Sadece sokaktaki insan değil, Cumhurbaşkanı'ndan başlayarak bakanlara kadar, oradan muhalefet liderlerine; sağdan soldan bütün siyasetçiler de sabırsızlıkla aynı sesi verdi. Televizyonlar, sınır kapılarından canlı yayına başladı. Bugüne kadar kendilerine tek bir kez mikrofon tutulmayan göçmenler de sokakta çevrilip aynı soruya "Ne zaman gidiyorsunuz" sorusuna muhatap oldu. Suriye'de yeni dönemin bizdeki bir numaralı anlamı ve sonucu "Nihayet göçmenlerden kurtuluyoruz" cümlesi oldu.
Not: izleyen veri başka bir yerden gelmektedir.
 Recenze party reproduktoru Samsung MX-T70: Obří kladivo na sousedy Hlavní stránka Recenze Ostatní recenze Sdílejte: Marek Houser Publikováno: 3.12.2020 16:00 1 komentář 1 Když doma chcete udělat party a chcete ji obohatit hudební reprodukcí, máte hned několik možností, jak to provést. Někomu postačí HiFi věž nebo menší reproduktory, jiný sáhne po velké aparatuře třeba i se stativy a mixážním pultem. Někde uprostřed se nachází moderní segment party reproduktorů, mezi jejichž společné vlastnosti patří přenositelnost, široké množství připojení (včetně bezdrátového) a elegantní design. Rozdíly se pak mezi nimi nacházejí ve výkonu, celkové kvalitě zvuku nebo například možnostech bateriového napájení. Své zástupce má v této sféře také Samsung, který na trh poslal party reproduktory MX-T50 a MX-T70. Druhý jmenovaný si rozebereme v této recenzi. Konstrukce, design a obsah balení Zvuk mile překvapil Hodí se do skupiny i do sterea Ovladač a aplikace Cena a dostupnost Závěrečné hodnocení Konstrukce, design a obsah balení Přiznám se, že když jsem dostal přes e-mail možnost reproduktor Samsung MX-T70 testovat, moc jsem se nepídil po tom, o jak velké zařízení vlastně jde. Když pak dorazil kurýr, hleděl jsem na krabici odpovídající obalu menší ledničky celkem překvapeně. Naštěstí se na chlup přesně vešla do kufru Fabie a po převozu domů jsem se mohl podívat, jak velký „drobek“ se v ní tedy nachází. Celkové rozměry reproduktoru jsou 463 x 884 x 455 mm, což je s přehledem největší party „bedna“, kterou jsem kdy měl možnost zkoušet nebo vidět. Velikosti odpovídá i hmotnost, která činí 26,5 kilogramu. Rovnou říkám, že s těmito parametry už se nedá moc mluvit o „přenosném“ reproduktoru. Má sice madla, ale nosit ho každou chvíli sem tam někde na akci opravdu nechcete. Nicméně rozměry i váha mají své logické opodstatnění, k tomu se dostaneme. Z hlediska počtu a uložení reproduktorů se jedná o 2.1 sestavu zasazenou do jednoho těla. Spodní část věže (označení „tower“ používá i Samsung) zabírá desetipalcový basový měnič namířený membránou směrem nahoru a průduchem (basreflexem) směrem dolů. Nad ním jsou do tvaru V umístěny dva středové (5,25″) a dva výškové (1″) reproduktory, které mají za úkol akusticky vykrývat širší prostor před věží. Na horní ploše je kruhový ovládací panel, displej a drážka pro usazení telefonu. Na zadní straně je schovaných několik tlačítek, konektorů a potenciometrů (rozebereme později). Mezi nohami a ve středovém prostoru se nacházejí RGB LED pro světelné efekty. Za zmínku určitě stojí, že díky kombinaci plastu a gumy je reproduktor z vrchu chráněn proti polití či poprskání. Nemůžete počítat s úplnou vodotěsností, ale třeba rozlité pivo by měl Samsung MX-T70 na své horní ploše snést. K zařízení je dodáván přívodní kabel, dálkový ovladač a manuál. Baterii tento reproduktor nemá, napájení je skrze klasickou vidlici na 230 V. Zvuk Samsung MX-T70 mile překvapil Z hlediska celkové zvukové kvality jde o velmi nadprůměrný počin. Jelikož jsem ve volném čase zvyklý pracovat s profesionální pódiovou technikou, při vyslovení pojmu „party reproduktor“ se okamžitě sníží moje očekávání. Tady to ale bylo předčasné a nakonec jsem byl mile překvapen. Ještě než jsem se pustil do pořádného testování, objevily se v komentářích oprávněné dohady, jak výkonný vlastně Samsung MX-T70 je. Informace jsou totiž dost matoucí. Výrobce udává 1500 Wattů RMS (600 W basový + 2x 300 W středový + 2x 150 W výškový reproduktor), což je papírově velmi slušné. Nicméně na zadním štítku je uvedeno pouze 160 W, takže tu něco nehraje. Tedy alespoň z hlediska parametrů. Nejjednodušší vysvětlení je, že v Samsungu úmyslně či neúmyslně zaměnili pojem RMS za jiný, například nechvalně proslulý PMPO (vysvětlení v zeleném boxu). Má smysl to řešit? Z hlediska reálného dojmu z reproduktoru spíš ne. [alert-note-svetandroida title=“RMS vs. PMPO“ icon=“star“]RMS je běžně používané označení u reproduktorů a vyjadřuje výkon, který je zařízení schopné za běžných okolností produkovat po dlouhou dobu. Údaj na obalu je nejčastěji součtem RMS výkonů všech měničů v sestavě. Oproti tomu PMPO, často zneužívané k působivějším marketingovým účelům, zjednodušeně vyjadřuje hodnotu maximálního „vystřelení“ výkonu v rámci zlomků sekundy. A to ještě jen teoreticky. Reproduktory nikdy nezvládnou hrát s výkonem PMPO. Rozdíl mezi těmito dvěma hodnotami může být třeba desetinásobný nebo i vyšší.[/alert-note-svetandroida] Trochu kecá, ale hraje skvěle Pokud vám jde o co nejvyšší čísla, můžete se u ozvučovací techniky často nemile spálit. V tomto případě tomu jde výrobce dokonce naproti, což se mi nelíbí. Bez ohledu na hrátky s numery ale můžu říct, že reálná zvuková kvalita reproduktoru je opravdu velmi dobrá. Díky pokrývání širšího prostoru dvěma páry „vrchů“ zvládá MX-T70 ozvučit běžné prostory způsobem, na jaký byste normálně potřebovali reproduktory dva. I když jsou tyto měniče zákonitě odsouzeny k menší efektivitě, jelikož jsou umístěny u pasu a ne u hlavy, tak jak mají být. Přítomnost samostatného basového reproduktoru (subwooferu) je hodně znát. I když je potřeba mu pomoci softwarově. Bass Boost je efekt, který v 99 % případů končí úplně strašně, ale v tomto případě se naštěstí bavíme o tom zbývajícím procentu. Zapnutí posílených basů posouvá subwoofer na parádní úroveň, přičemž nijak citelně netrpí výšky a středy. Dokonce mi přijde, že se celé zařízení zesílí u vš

Bütün bunlar, bir yandan "Biz mazlumlara kucak açtık. Hepsine sahip çıktık" sözleri yeri göğü inletirken yapıldı.

Evet "kurtuluyoruz!" veya bir vadede "kurtulacağız!.." Ama ne bu acele Bu kadar zaman misafir ettiğimiz insanları aslında hiç istemediğimizi, onlardan hoşlanmadığımızı, bize yük olduklarını göstermekten çekinmediğimiz de olmuştu ama yine de onlar burada güvendeydi. Esad'ın gidişinden sonra henüz nereye oturacağı, nasıl şekilleneceği belli olmayan bir ortama göndermek için bu acele niye Ev sahipliğimiz böyle mi bizim

Zaten gidecekler, gitmek istiyorlar 1 milyona yakın insanını katleden, masum insanlara hapishanelerde olmadık işkenceler yapan, mallarını gasp eden kanlı bir rejimden kaçmışlardı. Canlarını kurtarmak için gelmişlerdi, can emniyeti sağlandığında da gideceklerdi zaten. Bir dakika durmaya niyetleri de yok.
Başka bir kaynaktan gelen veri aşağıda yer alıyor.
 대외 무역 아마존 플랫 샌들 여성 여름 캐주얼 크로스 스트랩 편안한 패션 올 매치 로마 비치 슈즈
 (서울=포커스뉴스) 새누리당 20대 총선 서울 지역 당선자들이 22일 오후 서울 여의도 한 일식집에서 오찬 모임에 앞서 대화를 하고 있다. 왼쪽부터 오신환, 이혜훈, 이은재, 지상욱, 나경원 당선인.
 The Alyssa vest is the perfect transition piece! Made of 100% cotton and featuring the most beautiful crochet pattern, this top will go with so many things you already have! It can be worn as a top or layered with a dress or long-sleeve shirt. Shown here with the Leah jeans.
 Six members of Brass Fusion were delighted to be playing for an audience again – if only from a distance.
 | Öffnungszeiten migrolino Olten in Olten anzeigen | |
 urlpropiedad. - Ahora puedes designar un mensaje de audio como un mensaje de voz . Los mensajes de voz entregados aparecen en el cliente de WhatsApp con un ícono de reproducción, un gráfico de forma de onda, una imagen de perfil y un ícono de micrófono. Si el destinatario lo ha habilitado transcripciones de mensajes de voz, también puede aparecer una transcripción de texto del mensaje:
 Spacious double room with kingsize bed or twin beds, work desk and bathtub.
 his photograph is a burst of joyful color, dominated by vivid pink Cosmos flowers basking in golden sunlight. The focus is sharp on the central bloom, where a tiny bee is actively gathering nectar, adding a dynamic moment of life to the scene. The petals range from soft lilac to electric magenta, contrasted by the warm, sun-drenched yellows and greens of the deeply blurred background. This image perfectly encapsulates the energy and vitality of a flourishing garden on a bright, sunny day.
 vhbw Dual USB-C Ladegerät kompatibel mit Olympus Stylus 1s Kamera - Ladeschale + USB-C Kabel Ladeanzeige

Madem bir insanlık yaptık, hiç olmazsa onları insanca ve dostça gönderelim.

Büyük kısmı gidecek bu belli ama bir şekilde burada kalmak zorunda olanlara da "Sen hala niye buradasın" demeyelim. Evlenenler, vatandaşlık alanlar, çocuklarının eğitimi için burada bir süre daha kalmak zorunda olanlar var İşini gücünü burada kurmuş olan, yanında işçi çalıştıranlar var. Toplumun bir parçası halin gelmiş olanlar var. Hatta, kendisini bu ülkeye ait hissederler var. Bırakalım toplumsal hayatı, ekonominin ayrılmaz parçası haline gelen sahibi Suriyeli birçok işletme var.